● WHAT IS EXPECTED
The copy must run from the first line of the entries below through the line containing "Folkulture Summer Essential", restated word for word, with pictures left out.

(PROVIDED INFORMATION Opens)

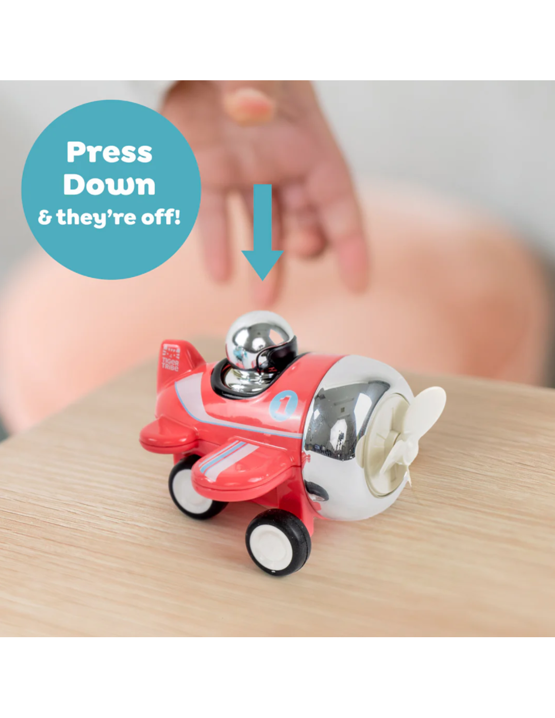 Il suffit d'appuyer sur le dessus de l’avion pour le propulser vers l’avant, offrant des heures de jeu à vos petits loups.
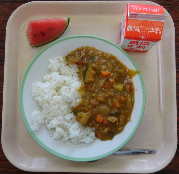 夏野菜カレー、福神漬け、すいか、牛乳
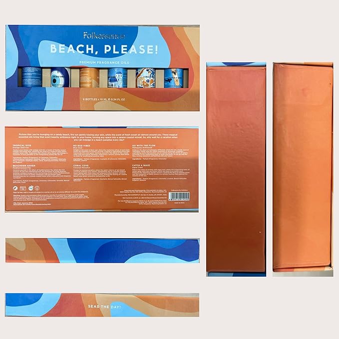 Folkulture Summer Essential Oils for Diffuser for Home | Set of 6 Premium Beach Oil Set | Oil Diffuser Summer Essential Oils for Candle Making Set for Women - Neroli & Grapefruit
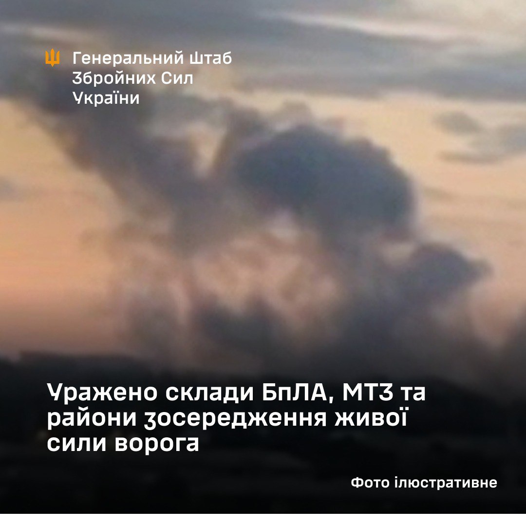 Зафіксовано ураження складу матеріально-технічного забезпечення поблизу н.п. Осіпенко (ТОТ Запорізької обл.), а також складу зберігання БпЛА у районі Приморська (ТОТ Запорізької обл.).
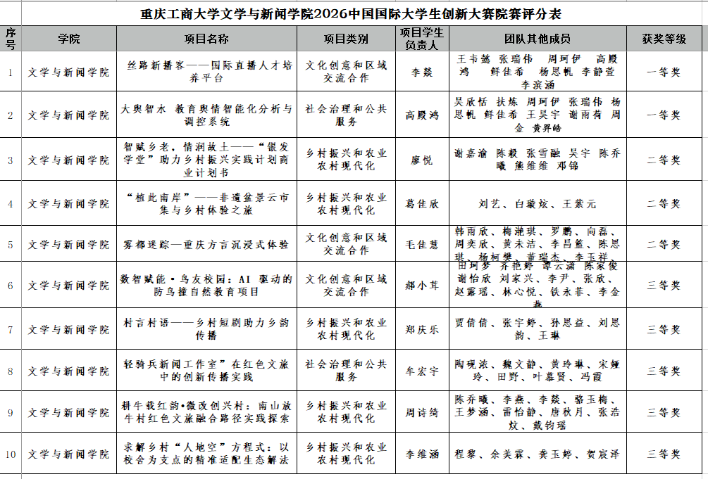 为深入贯彻落实国家“十五五”规划战略部署,积极响应学校巡察整改工作要求,全面深化创新创业教育改革,激发青年学生的创新精神和创造活力,近日,文学与新闻学院2026年中国国际大学生创新大赛院内选拔赛圆满落下帷幕。
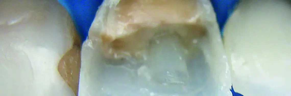 Pacjent po urazowym uszkodzeniu korony zęba 11. Jego życzeniem było wykonanie odbudowy z uwzględnieniem korekty nieestetycznego zabarwienia. Wymusiło to zwiększenie zakresu preparacji dla licówki. Po przygotowaniu przestrzeni dostosowano i osadzono wkład standardowy. Metodą aplikacji warstwowej odbudowano koronę kliniczną zęba 21. (zdj. 10–16).
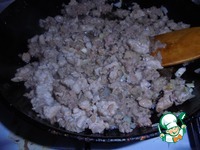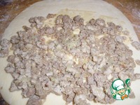 Подошедшее тесто раскатать (оставить немного теста для украшения кулебяки). Выложить на тесто мясную начинку. |
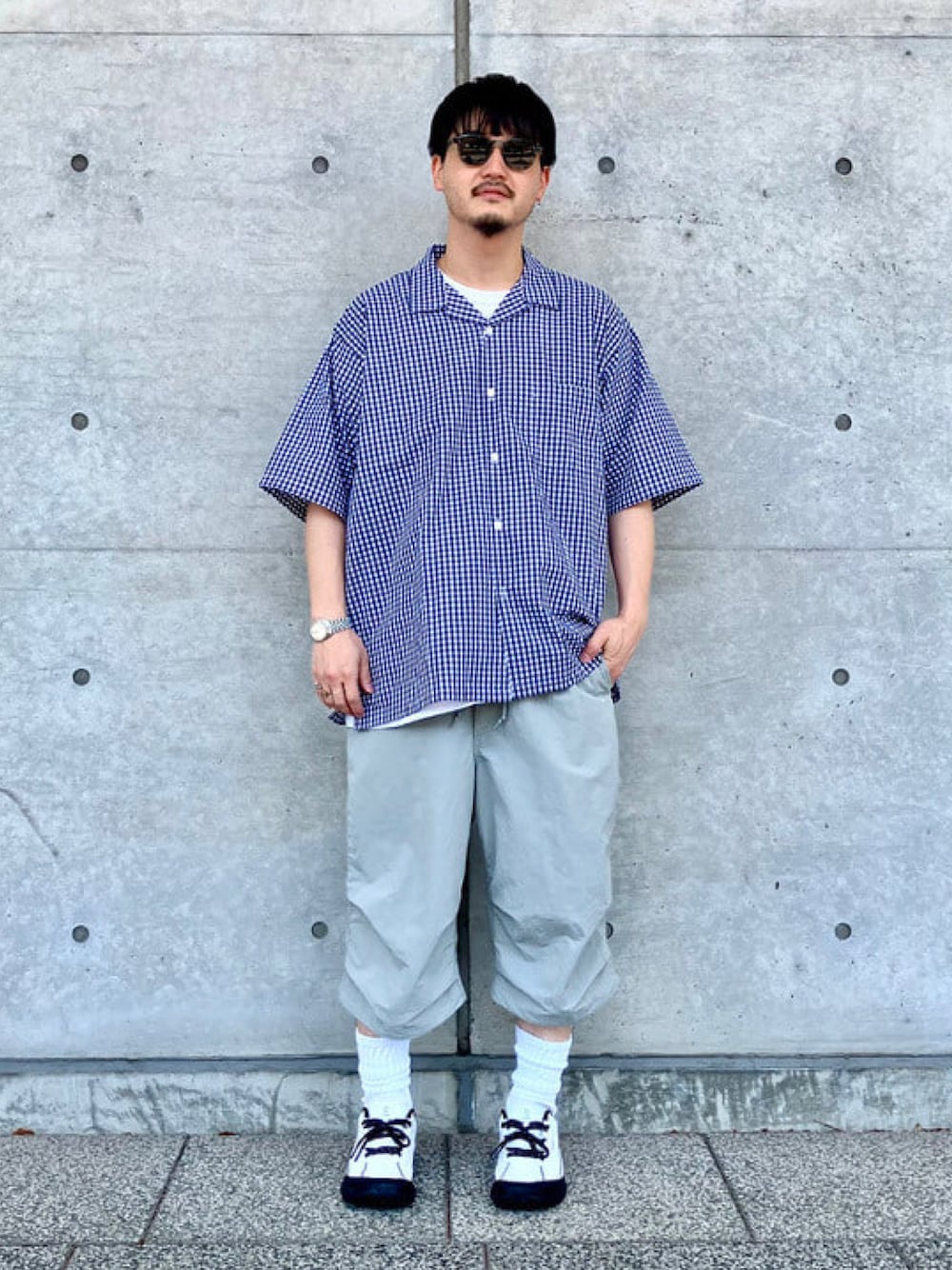 クリーン×テクニカルでスタイリング。 無機質なセメントカラーがイケてる<BEAMS>ナイロン7分丈パンツ、気分ですよね。爽やかな<BEAMS>ギンガムチェックシャツはスラックス合わせでもイケるので是非1着!お買い得なタイミングにどうぞ。 BEAMS / Noza

(PROVIDED INFORMATION Closes)

● RESPONSE TO THIS EXERCISE
 Il suffit d'appuyer sur le dessus de l’avion pour le propulser vers l’avant, offrant des heures de jeu à vos petits loups.
 夏野菜カレー、福神漬け、すいか、牛乳
 Folkulture Summer Essential Oils for Diffuser for Home | Set of 6 Premium Beach Oil Set | Oil Diffuser Summer Essential Oils for Candle Making Set for Women - Neroli & Grapefruit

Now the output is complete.